**REQUIRED ACTION**
Without including any images, reproduce each entry exactly.

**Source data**
- - - -

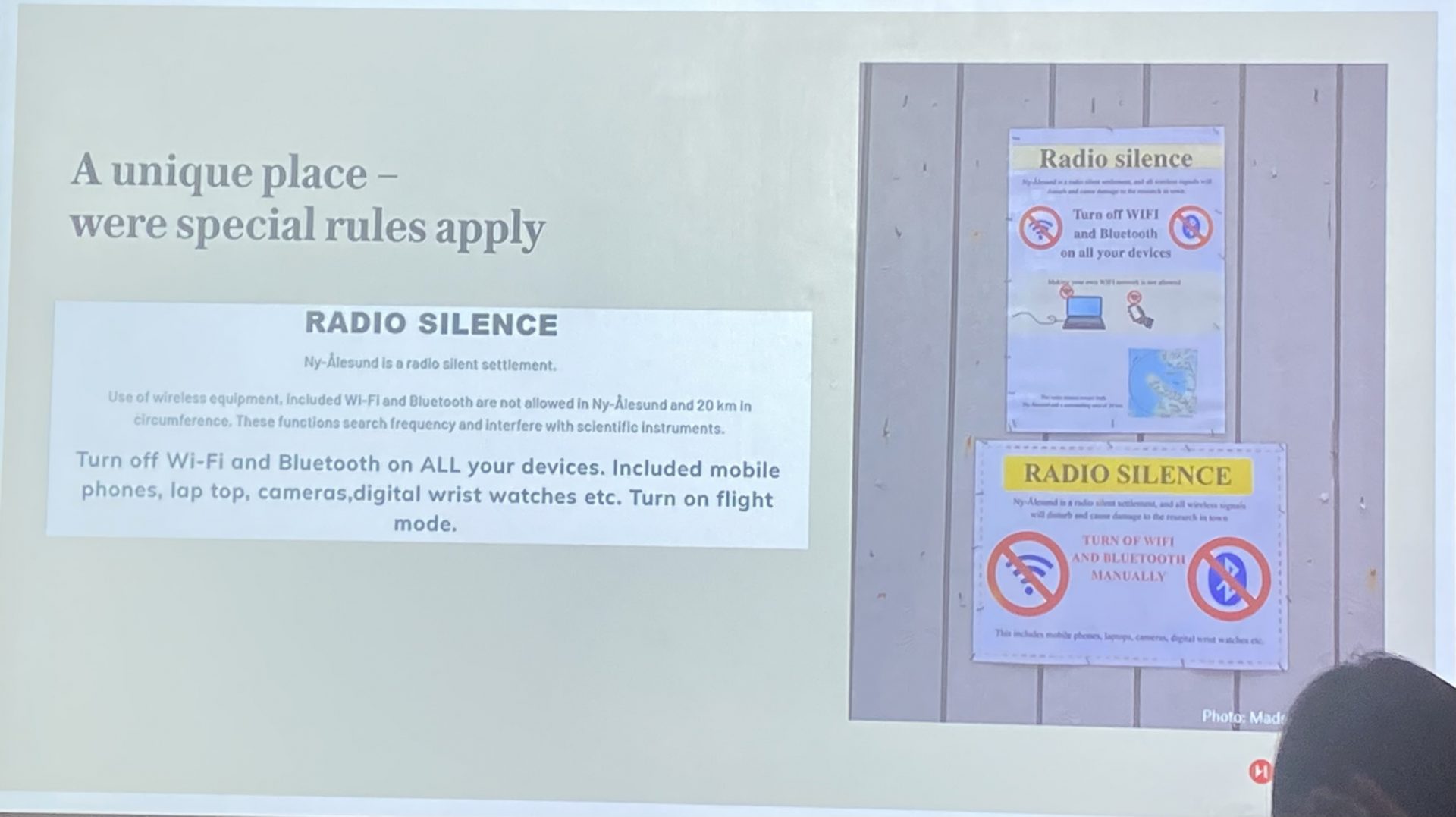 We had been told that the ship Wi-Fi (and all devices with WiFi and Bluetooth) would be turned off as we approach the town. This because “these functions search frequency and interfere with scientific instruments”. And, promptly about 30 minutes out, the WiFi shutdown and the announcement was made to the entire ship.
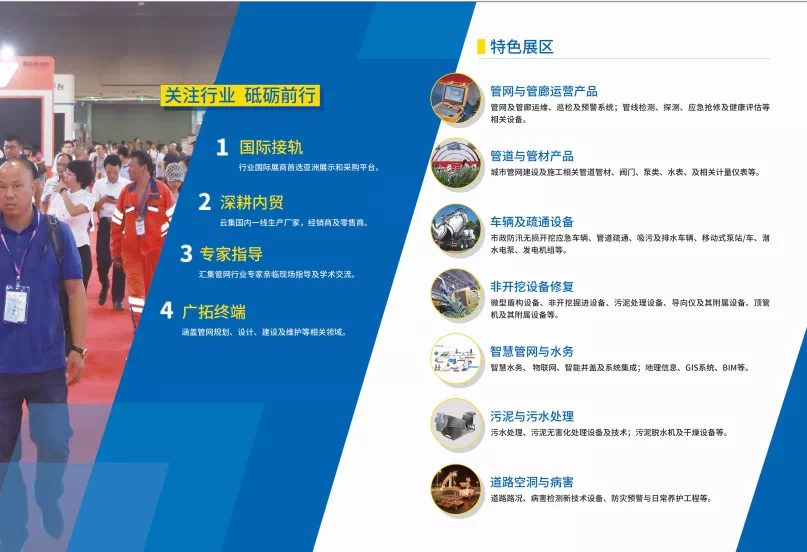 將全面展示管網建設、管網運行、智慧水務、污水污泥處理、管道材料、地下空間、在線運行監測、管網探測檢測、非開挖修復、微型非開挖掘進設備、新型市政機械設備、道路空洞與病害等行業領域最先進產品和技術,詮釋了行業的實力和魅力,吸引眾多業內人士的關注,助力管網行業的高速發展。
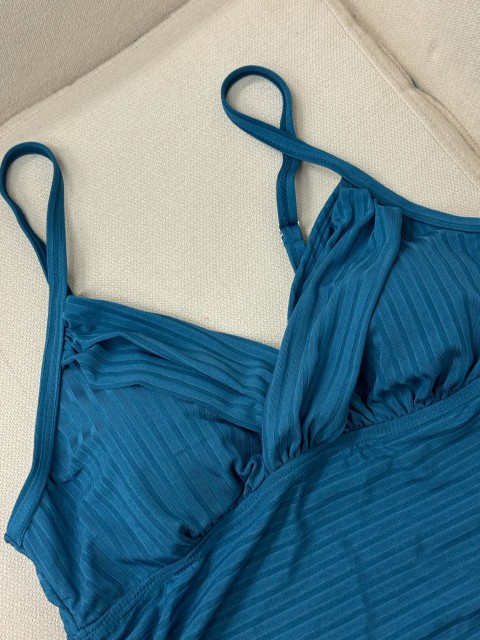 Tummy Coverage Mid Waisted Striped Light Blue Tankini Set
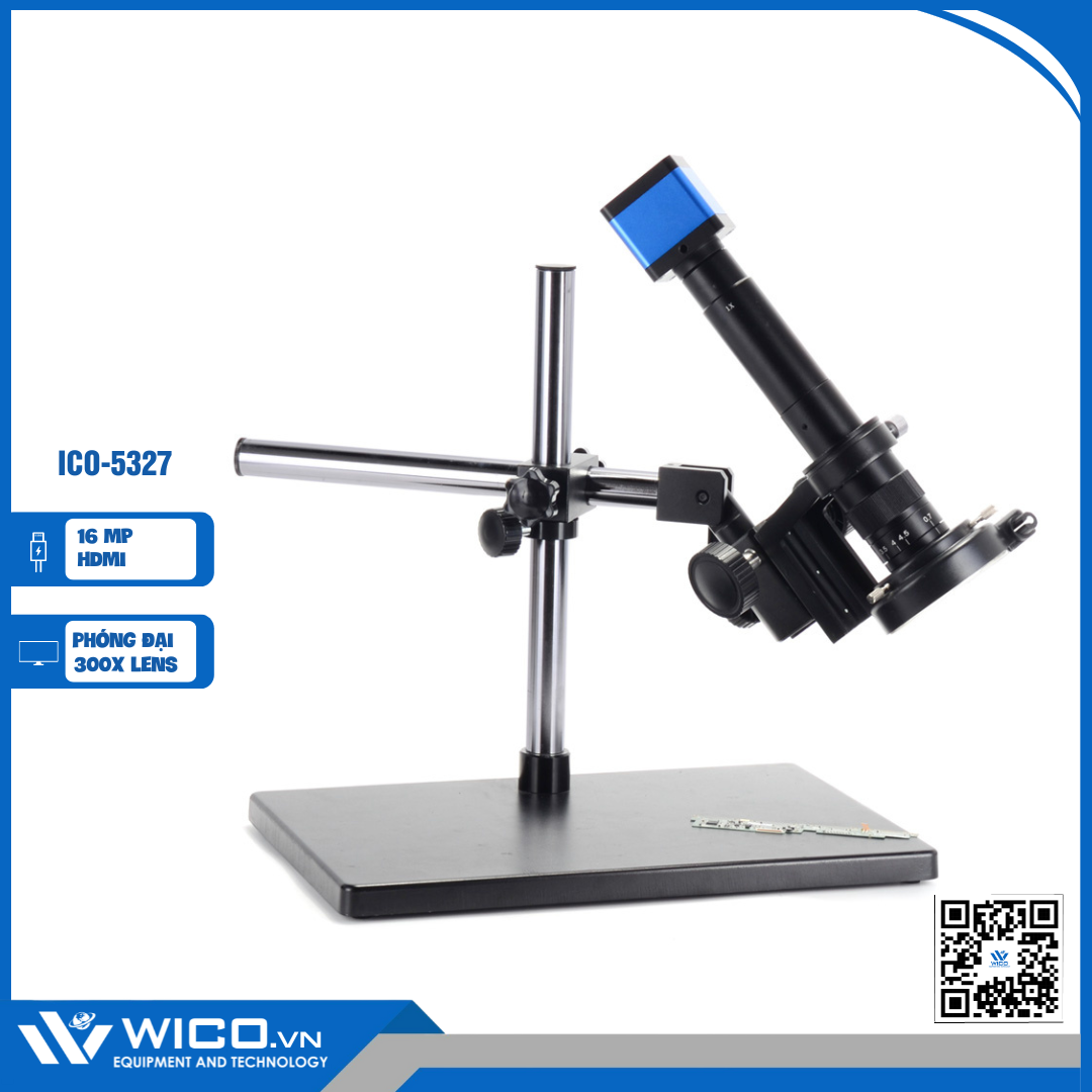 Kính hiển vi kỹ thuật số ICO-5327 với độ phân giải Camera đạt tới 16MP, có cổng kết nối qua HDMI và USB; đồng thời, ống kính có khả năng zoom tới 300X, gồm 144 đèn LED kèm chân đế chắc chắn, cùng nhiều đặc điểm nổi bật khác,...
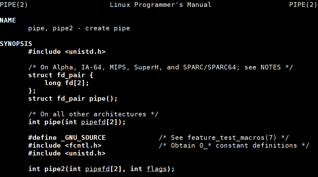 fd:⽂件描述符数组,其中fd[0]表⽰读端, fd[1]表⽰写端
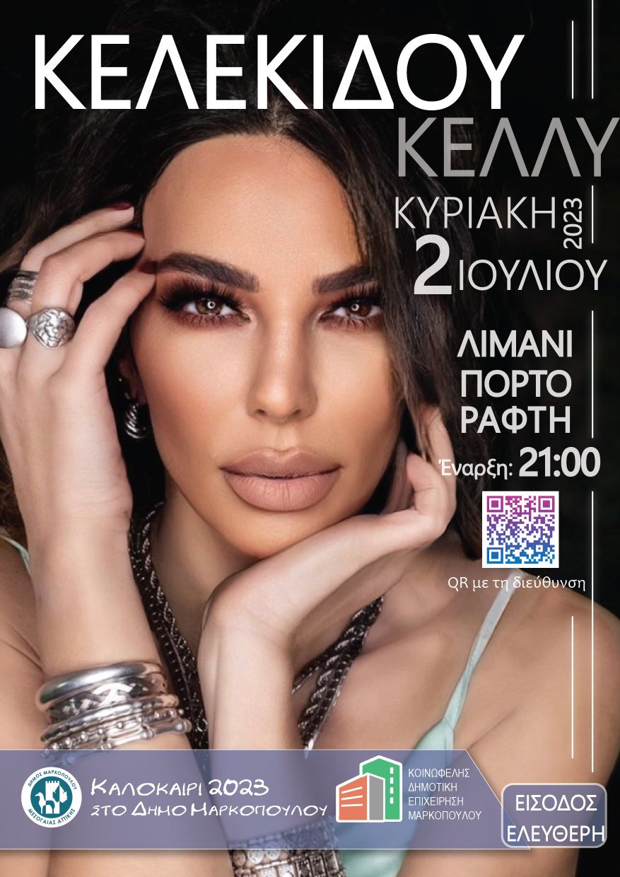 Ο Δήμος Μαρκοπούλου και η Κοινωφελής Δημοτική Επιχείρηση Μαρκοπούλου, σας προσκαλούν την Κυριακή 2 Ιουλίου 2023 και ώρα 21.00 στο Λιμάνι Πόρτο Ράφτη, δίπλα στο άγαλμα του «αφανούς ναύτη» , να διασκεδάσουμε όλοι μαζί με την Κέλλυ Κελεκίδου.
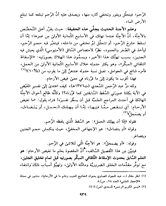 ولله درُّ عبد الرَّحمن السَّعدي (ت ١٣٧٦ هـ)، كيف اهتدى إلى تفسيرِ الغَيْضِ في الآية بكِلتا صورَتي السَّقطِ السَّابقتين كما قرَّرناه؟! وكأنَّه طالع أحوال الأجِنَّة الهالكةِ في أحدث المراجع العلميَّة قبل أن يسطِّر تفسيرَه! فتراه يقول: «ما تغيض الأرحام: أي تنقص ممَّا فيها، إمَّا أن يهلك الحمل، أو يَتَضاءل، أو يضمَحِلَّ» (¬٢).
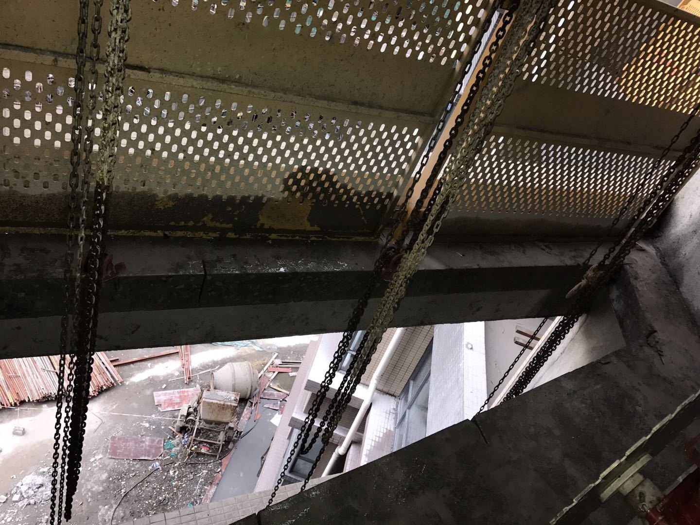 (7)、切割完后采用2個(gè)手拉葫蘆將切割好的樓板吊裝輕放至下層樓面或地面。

- - - -

**COMPLETED EXERCISE**
 We had been told that the ship Wi-Fi (and all devices with WiFi and Bluetooth) would be turned off as we approach the town. This because “these functions search frequency and interfere with scientific instruments”. And, promptly about 30 minutes out, the WiFi shutdown and the announcement was made to the entire ship.
 將全面展示管網建設、管網運行、智慧水務、污水污泥處理、管道材料、地下空間、在線運行監測、管網探測檢測、非開挖修復、微型非開挖掘進設備、新型市政機械設備、道路空洞與病害等行業領域最先進產品和技術,詮釋了行業的實力和魅力,吸引眾多業內人士的關注,助力管網行業的高速發展。
 Tummy Coverage Mid Waisted Striped Light Blue Tankini Set
 Kính hiển vi kỹ thuật số ICO-5327 với độ phân giải Camera đạt tới 16MP, có cổng kết nối qua HDMI và USB; đồng thời, ống kính có khả năng zoom tới 300X, gồm 144 đèn LED kèm chân đế chắc chắn, cùng nhiều đặc điểm nổi bật khác,...
 fd:⽂件描述符数组,其中fd[0]表⽰读端, fd[1]表⽰写端
 Ο Δήμος Μαρκοπούλου και η Κοινωφελής Δημοτική Επιχείρηση Μαρκοπούλου, σας προσκαλούν την Κυριακή 2 Ιουλίου 2023 και ώρα 21.00 στο Λιμάνι Πόρτο Ράφτη, δίπλα στο άγαλμα του «αφανούς ναύτη» , να διασκεδάσουμε όλοι μαζί με την Κέλλυ Κελεκίδου.
 ولله درُّ عبد الرَّحمن السَّعدي (ت ١٣٧٦ هـ)، كيف اهتدى إلى تفسيرِ الغَيْضِ في الآية بكِلتا صورَتي السَّقطِ السَّابقتين كما قرَّرناه؟! وكأنَّه طالع أحوال الأجِنَّة الهالكةِ في أحدث المراجع العلميَّة قبل أن يسطِّر تفسيرَه! فتراه يقول: «ما تغيض الأرحام: أي تنقص ممَّا فيها، إمَّا أن يهلك الحمل، أو يَتَضاءل، أو يضمَحِلَّ» (¬٢).
 (7)、切割完后采用2個(gè)手拉葫蘆將切割好的樓板吊裝輕放至下層樓面或地面。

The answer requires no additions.